Recorded data:
┄┄┄┄┄┄
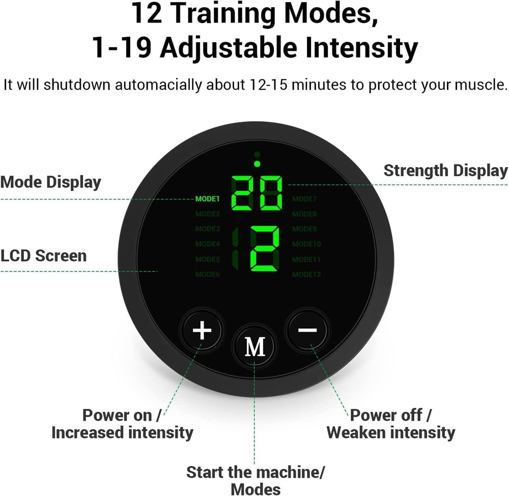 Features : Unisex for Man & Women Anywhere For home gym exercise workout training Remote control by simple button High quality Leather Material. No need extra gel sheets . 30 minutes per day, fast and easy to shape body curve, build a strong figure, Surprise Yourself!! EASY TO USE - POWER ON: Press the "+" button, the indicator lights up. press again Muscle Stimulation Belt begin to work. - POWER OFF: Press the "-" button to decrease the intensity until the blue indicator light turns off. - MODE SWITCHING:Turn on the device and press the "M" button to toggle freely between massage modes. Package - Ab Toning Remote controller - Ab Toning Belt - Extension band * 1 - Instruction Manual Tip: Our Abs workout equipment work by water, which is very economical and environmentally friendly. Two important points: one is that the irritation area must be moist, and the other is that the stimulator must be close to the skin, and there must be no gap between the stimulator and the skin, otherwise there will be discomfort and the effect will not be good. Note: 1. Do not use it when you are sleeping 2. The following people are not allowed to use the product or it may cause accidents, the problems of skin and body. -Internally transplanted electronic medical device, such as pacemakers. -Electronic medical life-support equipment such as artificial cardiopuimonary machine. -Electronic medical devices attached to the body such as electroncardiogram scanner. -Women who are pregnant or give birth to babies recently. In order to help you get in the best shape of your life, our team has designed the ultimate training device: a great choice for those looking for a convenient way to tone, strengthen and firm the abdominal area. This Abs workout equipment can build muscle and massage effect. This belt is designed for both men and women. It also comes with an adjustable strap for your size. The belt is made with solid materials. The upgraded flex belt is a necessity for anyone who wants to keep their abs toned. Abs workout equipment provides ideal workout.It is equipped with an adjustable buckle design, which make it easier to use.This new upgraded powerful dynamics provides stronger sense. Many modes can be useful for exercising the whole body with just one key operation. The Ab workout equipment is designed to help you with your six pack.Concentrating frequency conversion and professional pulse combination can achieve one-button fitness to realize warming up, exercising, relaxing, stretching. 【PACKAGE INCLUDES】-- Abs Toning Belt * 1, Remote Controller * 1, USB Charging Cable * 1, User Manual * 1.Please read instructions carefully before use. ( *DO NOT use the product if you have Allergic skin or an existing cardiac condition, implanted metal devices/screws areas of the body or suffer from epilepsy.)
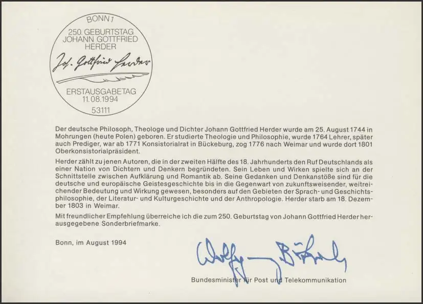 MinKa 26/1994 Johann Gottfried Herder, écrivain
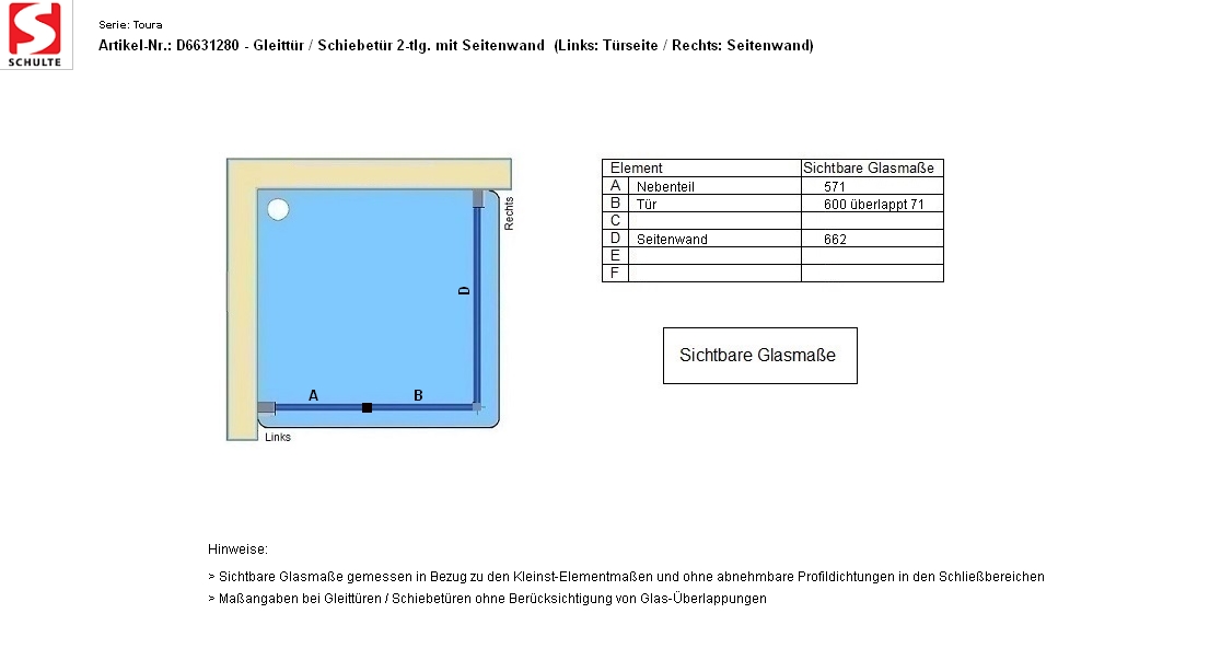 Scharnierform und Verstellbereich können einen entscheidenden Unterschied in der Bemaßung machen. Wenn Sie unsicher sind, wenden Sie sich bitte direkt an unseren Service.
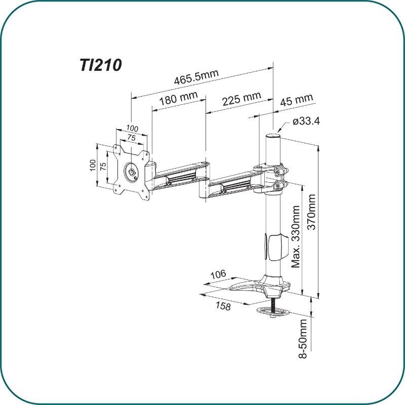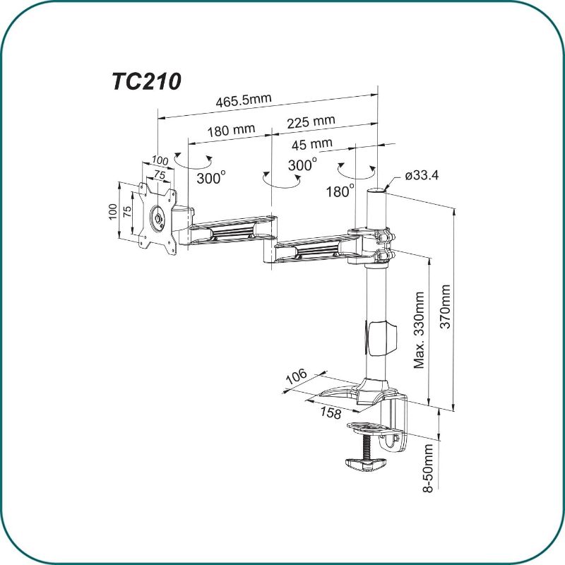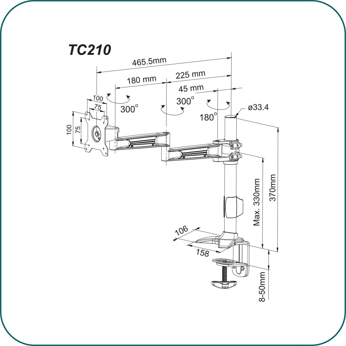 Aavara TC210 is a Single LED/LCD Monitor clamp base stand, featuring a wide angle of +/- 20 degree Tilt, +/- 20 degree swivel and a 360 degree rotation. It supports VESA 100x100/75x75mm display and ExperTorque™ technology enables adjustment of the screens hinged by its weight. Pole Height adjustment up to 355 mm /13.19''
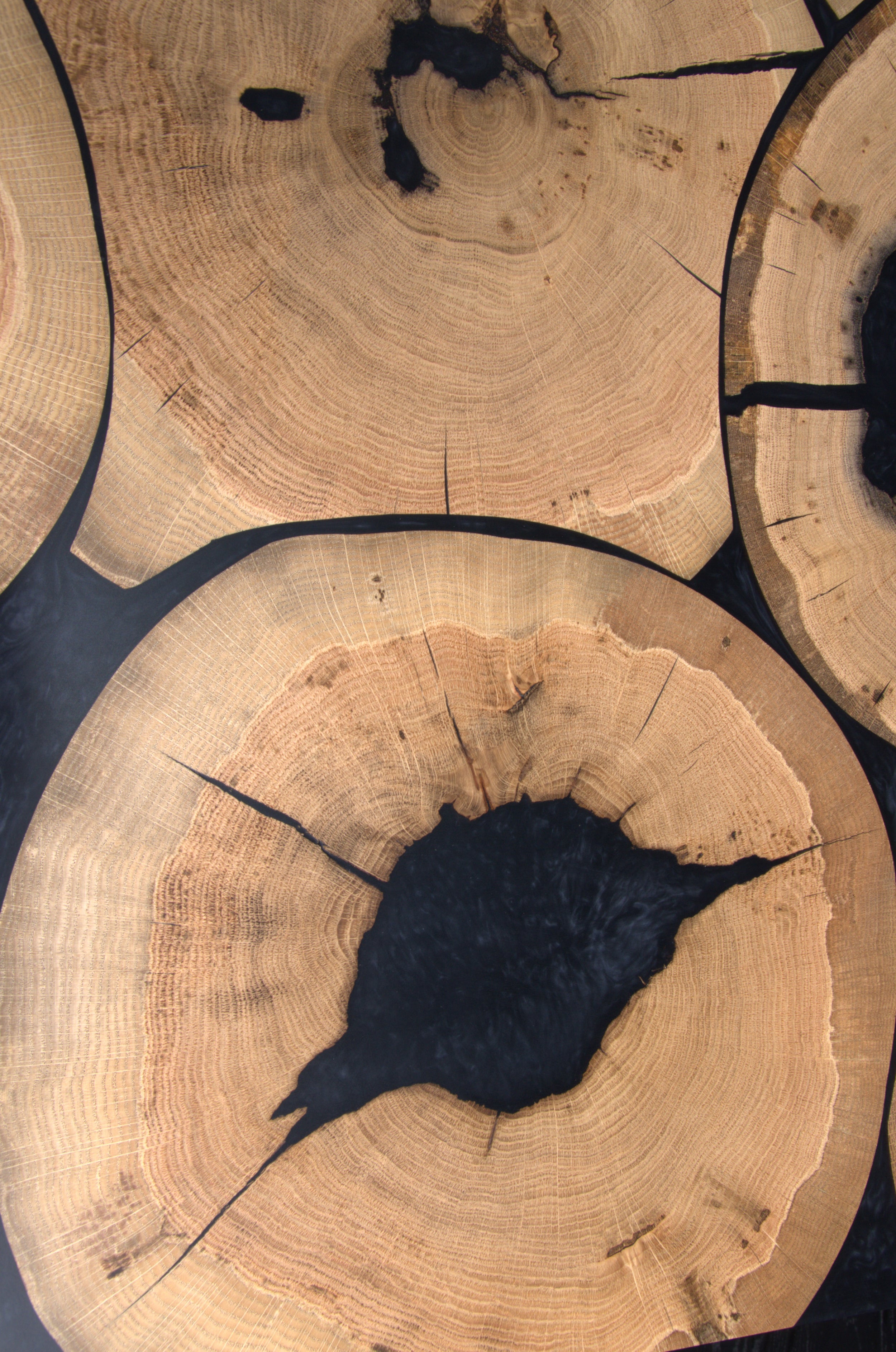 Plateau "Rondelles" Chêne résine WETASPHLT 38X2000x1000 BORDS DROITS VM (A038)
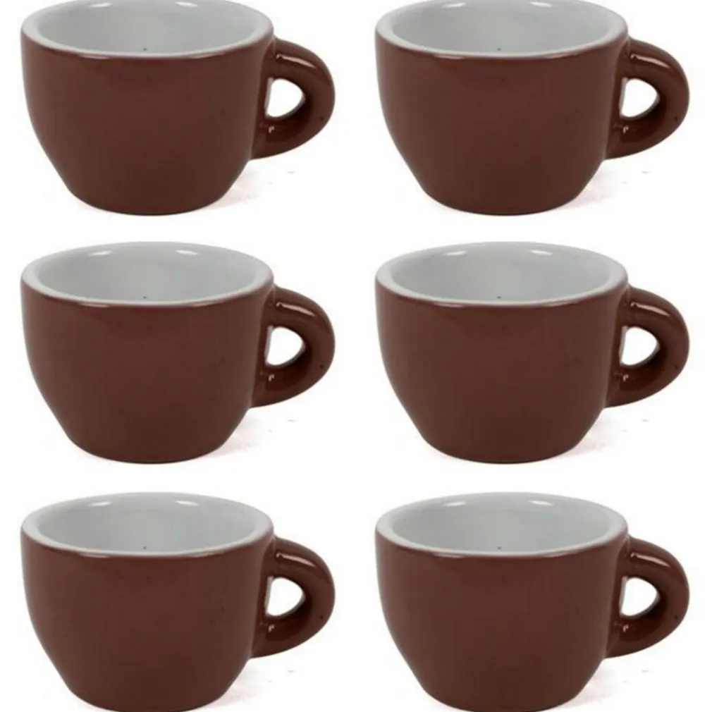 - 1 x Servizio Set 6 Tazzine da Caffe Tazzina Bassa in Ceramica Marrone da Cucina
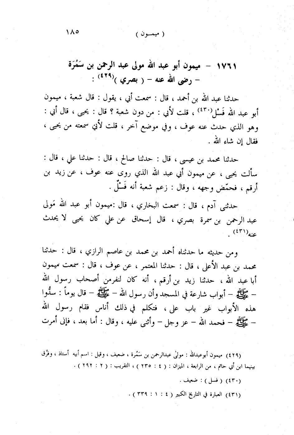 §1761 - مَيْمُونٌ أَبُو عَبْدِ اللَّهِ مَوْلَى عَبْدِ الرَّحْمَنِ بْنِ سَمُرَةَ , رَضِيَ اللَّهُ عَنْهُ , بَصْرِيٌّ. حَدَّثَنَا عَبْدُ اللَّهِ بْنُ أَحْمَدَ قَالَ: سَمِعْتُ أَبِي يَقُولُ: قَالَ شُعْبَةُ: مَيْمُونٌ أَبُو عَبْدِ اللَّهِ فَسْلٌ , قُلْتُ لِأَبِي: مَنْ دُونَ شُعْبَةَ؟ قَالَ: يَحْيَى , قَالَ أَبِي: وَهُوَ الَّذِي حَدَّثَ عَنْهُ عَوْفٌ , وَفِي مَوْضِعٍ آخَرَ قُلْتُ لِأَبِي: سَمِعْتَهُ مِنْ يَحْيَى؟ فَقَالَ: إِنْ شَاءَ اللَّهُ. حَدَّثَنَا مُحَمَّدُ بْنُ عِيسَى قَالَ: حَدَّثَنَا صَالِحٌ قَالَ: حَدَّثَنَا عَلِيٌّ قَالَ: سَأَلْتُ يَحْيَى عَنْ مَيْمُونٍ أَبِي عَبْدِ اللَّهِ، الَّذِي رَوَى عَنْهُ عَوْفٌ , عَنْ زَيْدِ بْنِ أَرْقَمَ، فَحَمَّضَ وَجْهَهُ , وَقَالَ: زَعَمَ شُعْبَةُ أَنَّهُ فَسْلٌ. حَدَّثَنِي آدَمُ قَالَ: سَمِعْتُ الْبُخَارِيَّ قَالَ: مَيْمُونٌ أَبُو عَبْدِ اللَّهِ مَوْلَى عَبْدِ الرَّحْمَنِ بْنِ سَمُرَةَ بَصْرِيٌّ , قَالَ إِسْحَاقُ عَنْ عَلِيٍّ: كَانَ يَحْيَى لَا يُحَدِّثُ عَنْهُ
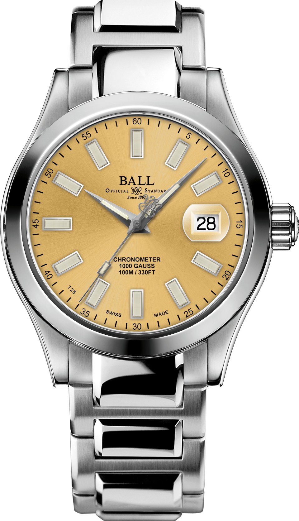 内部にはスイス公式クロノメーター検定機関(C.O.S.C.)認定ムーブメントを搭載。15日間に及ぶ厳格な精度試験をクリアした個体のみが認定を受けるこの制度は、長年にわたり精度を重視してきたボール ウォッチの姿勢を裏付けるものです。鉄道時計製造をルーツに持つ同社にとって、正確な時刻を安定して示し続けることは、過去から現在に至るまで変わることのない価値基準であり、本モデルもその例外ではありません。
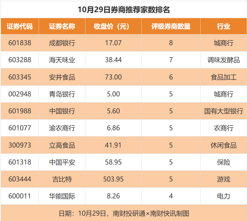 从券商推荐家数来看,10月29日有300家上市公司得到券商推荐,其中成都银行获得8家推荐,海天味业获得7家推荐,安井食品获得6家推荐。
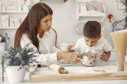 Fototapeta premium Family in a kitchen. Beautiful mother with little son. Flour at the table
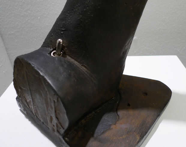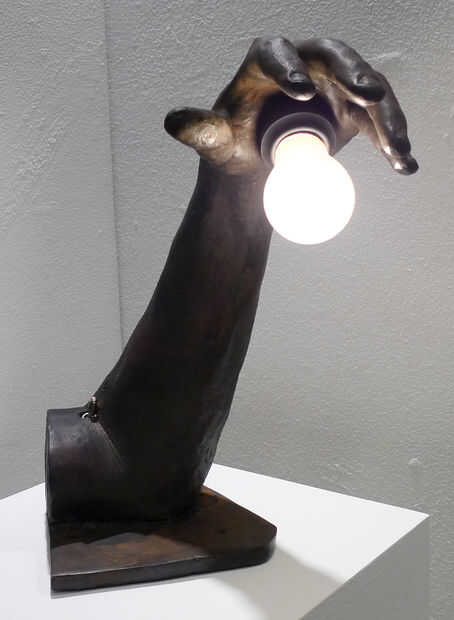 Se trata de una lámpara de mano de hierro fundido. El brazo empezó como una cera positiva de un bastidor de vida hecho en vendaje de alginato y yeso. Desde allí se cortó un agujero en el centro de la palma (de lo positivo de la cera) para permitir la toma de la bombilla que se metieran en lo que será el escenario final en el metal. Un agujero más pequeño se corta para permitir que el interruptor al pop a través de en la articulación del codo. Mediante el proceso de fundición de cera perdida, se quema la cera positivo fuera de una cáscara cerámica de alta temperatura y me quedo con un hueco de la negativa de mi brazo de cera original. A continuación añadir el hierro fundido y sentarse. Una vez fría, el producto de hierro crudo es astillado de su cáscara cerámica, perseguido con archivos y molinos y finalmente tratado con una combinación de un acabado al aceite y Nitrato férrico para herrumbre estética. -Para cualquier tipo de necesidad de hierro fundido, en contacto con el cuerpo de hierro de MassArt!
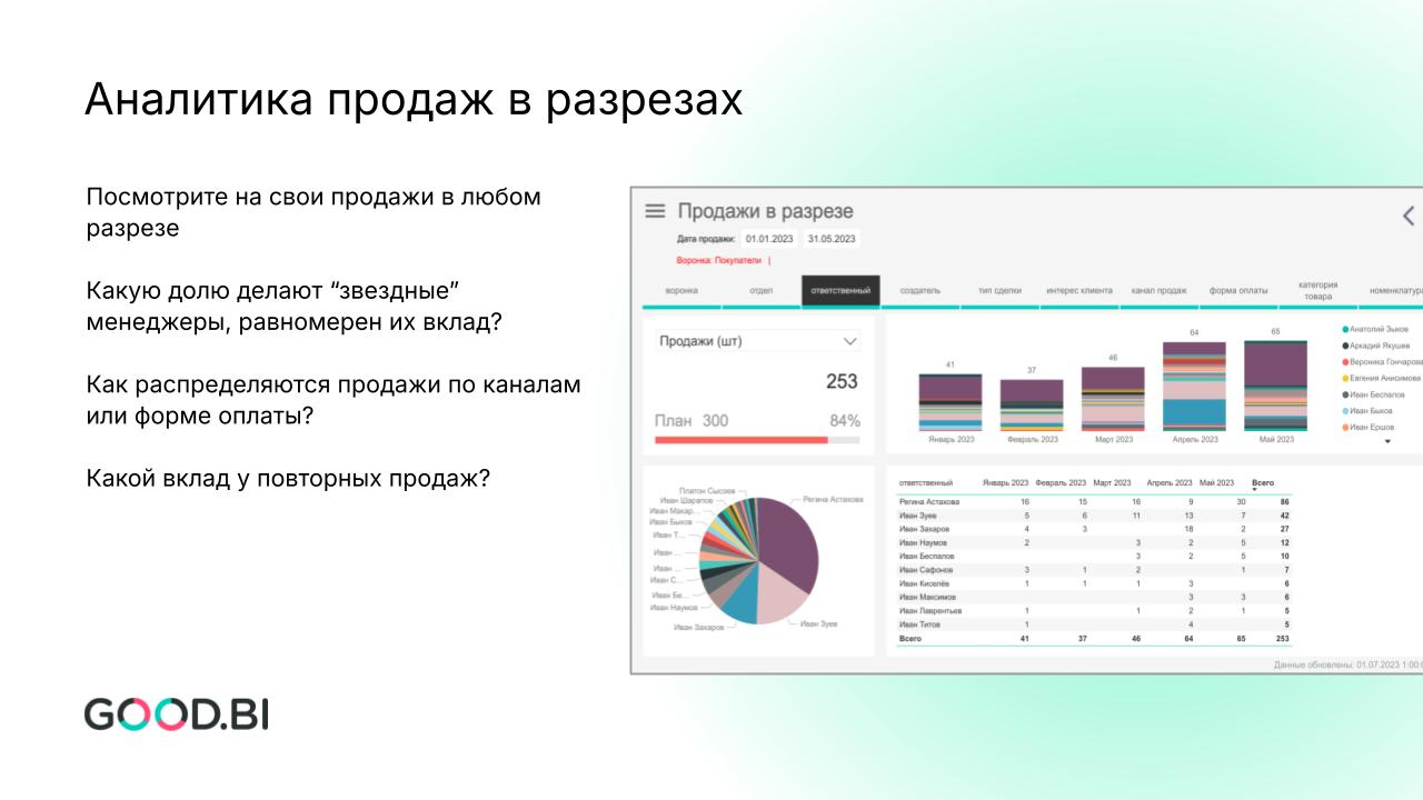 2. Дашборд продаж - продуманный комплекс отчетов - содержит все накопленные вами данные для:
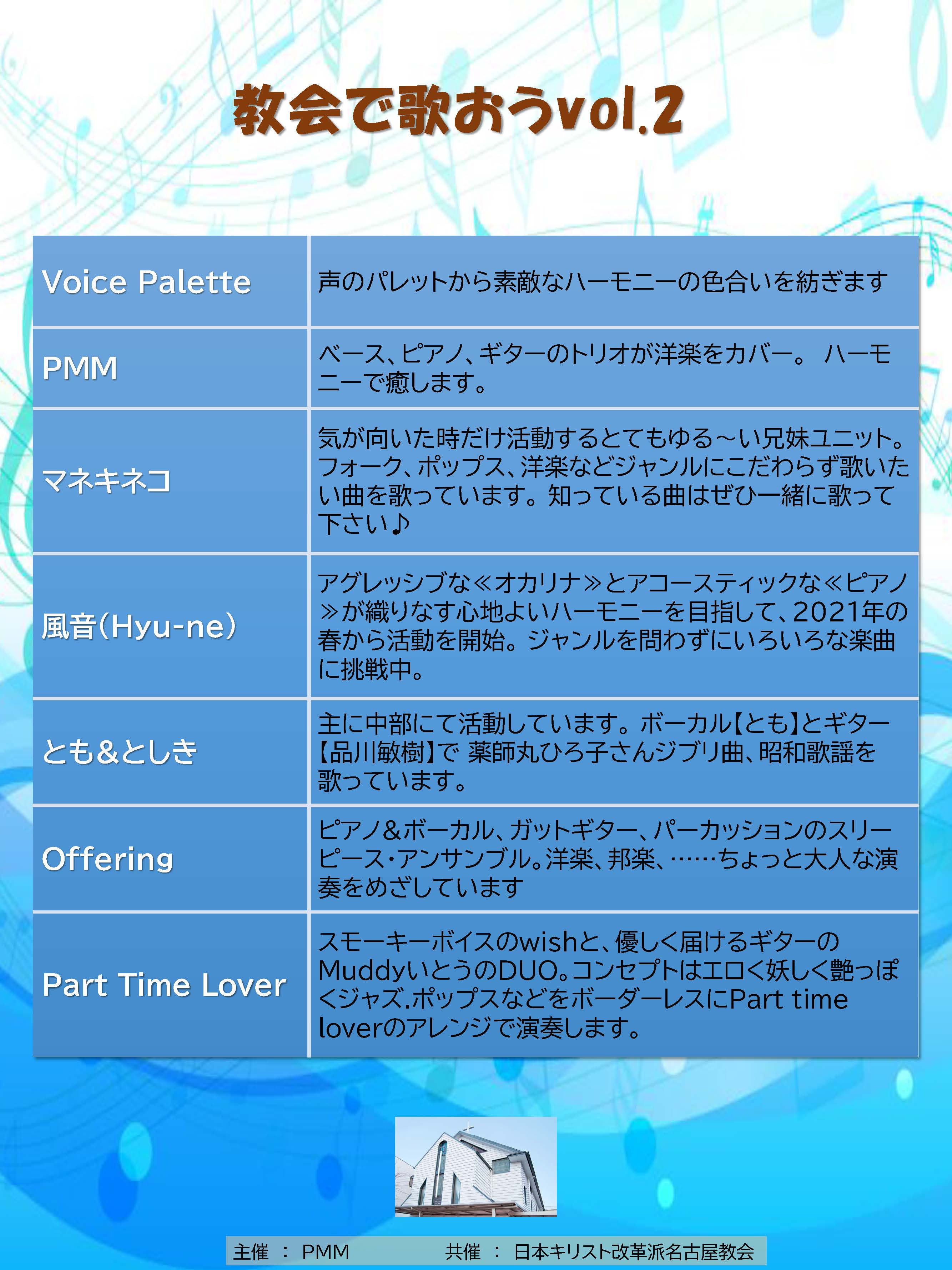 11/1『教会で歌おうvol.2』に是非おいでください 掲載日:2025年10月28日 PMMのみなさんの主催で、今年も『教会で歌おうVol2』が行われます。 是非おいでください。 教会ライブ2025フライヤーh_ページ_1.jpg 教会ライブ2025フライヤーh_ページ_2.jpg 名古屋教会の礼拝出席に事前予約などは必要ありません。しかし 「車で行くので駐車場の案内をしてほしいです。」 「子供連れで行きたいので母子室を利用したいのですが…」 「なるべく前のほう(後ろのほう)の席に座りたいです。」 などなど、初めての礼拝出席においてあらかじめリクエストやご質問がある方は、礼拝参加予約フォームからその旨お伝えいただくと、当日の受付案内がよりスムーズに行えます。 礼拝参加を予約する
┄┄┄┄┄┄
**TASK DETAILS:** Reproduce exactly, with no pictures, the lines above from the one holding "MinKa 26/1994 Johann" to the one holding "Scharnierform und Verstellbereich", inclusive.

**WRITTEN SOLUTION:**
 MinKa 26/1994 Johann Gottfried Herder, écrivain
 Scharnierform und Verstellbereich können einen entscheidenden Unterschied in der Bemaßung machen. Wenn Sie unsicher sind, wenden Sie sich bitte direkt an unseren Service.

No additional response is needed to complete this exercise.